Below we create two different pipelines, the first imputes missing values using the mean value of the variable containing the missing data. Theoretically speaking, simple mean imputation is only a valid approach when missing values are "missing completely at random", or when the missing values appear entirely at random in the data with no relation to the values of other observed variables or the identity of the involved rows. The second imputes values using $k$-nearest neighbors, an approach that is valid when missing values are "missing at random", or when their occurrence can be explained using other variables observed in the data.

  • Under the "missing completely at random" (MCAR) definition, the United States and Afghanistan would be equally likely to have missing data (which probably isn't true)
  • Under the "missing at random" (MAR) definition, missing information is predictable using other observed variables, so the United States and Afghanistan can differ in their propensity for missing data so long as the missing data can be explained by other observed variables.
  • There is another possibility, "missing not at random" (MNAR), where missing information is only predictive using unobserved factors. Under these circumstances imputing missing data isn't justifiable from a statistical perspective, and might cause problems for the performance of machine learning models due to the imputed values being biased.

Determining whether your missing values are MCAR, MAR, or MNAR generally requires domain-specific knowledge about your data and how it was collected, thereby complicating the decision whether to include missing data imputation as part of a pre-processing pipeline.

In [17]:
## Import imputation functions
from sklearn.impute import KNNImputer, SimpleImputer
from sklearn.neighbors import KNeighborsRegressor

simp_imp_pipe = Pipeline([
    ("imputer", SimpleImputer(missing_values=np.nan, strategy='mean')),
    ("model", KNeighborsRegressor())
])

simp_fit = simp_imp_pipe.fit(hp_X, hp_y)
print(simp_fit.score(hp_X, hp_y))

knn_imp_pipe = Pipeline([
    ("imputer", KNNImputer(missing_values=np.nan, n_neighbors=4, weights='distance')),
    ("model", KNeighborsRegressor())
])

kp_fit = knn_imp_pipe.fit(hp_X, hp_y)

print(kp_fit.score(hp_X, hp_y))
0.8130099967617596
0.8128904952418757

Because there were only two missing values in this example, there's seemingly not much difference in the training scores ($R^2$) between these two strategies.
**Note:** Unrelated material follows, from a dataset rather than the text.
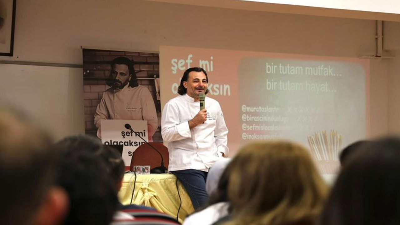 Konuşmasına bakış açınızı değiştirin çağrısıyla başlayan Şef Murat Aslan, mesleki başarının sadece yemek yapmaktan değil, ürünü ve kültürü her yönüyle tanımaktan geçtiğini vurguladı. Öğrencilerle deneyimlerini paylaşan Şef Aslan, mutfaktaki basit bir ürün dahil her türlü ürünün, yağ oranından yöresine, fiyatından özelliğine kadar çok fazla farklı bilgi barındırdığını ve gerçek bir şefin bu detaylara hakim olması gerektiğini anlattı. Kendi kariyer yolculuğundan örnekler veren Aslan, pilotluk hayalinden Mengen'deki zorlu eğitim yıllarına, mutfak hiyerarşisindeki saygı kültüründen profesyonel mutfak disiplinine kadar geniş bir perspektif sundu.

However, something to recognize is that we treated the "Region" variable as numeric, when it actually uses integer values to encode different categories. Additionally, we did not perform any standardization or scaling in our pipeline, which will impact KNNImputer().
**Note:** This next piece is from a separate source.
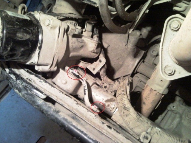 Далее откручиваем болты крепления рейки (с правой стороны) и жгута

Question 4: In this question you will improve upon the example pipeline from this section.

  • Part A: Modify the example pipeline using KNN imputation to include the following changes:
    • Handle categorical and numerical variables separately within the pipeline:
      • The categorical variable "Region" should be transformed using one-hot encoding
      • The numeric predictors "LifeExpectancy" and "HDI" should be standardized
    • Impute any missing values before using a support vector regressor as the final model
    • You may set any tuning parameters in these steps yourself so long as they do not lead to any computational issues
  • Part B: Fit your pipeline to the full training set and compare the method's score ($R^2$, the default metric) with the example. Does this suggest that your new approach is superior? Hint: Think about how both of these evaluations have used the training data.